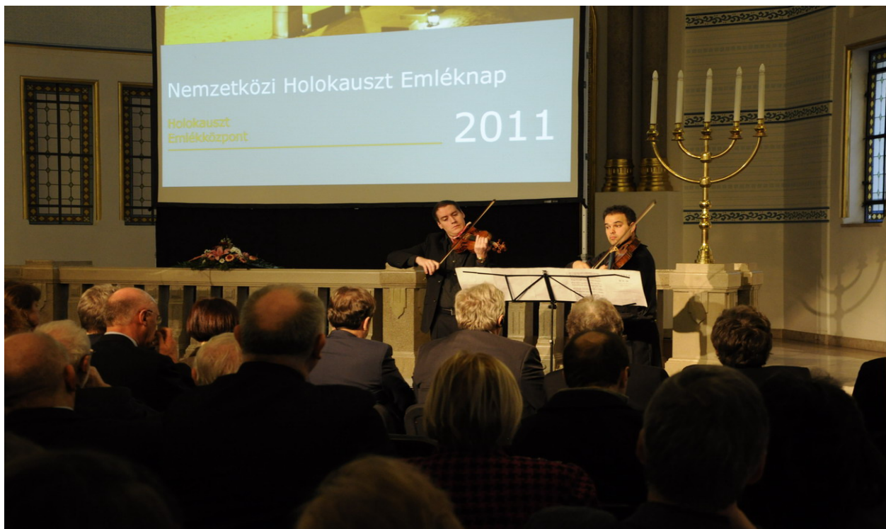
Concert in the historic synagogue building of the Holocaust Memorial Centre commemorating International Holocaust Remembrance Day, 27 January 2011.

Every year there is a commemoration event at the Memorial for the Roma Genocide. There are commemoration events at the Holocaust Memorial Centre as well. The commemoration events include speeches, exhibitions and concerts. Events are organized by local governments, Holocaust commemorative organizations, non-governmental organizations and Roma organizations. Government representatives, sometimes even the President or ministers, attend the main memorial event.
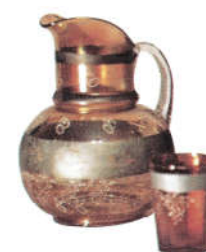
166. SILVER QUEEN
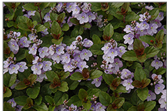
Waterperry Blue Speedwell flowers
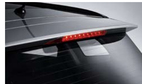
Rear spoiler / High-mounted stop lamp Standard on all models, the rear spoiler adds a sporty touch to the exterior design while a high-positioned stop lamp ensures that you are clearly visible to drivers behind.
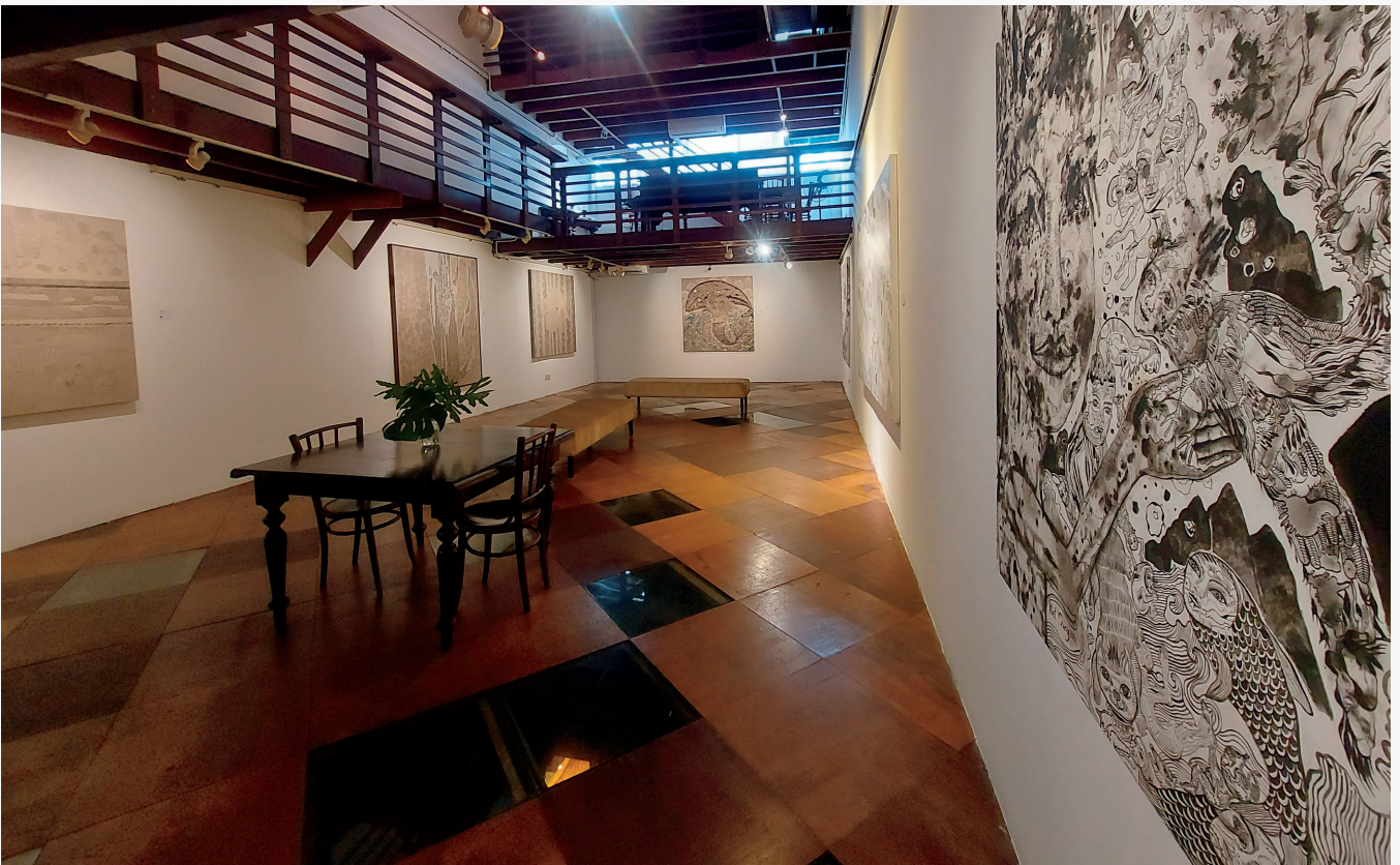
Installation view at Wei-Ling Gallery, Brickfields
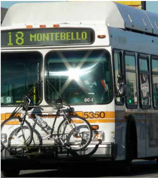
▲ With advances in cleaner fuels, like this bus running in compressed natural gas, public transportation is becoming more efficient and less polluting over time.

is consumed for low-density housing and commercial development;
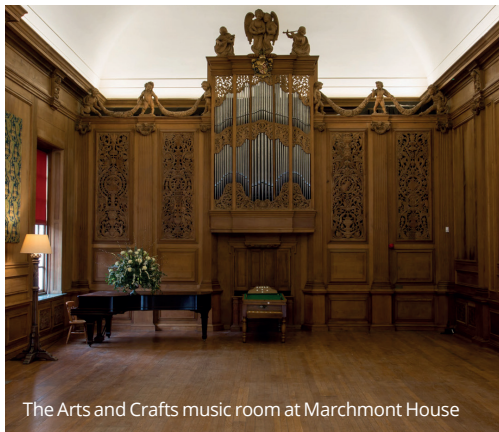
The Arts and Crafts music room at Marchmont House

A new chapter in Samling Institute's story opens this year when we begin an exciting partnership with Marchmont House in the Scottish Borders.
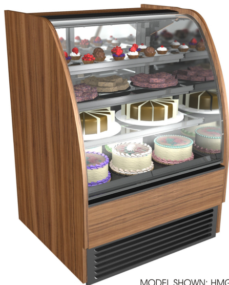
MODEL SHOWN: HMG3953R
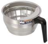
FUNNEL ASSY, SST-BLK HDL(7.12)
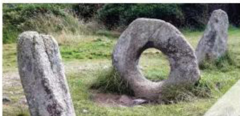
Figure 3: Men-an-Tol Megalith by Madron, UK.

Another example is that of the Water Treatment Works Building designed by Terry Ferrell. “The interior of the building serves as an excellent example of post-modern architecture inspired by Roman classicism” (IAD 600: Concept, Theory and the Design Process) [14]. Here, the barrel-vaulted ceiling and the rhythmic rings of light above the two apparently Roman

**WORK INSTRUCTION**
Tell me how many lines of the data hold the word "building", giving only the number.

**OUTPUT FOR THIS EXERCISE**
2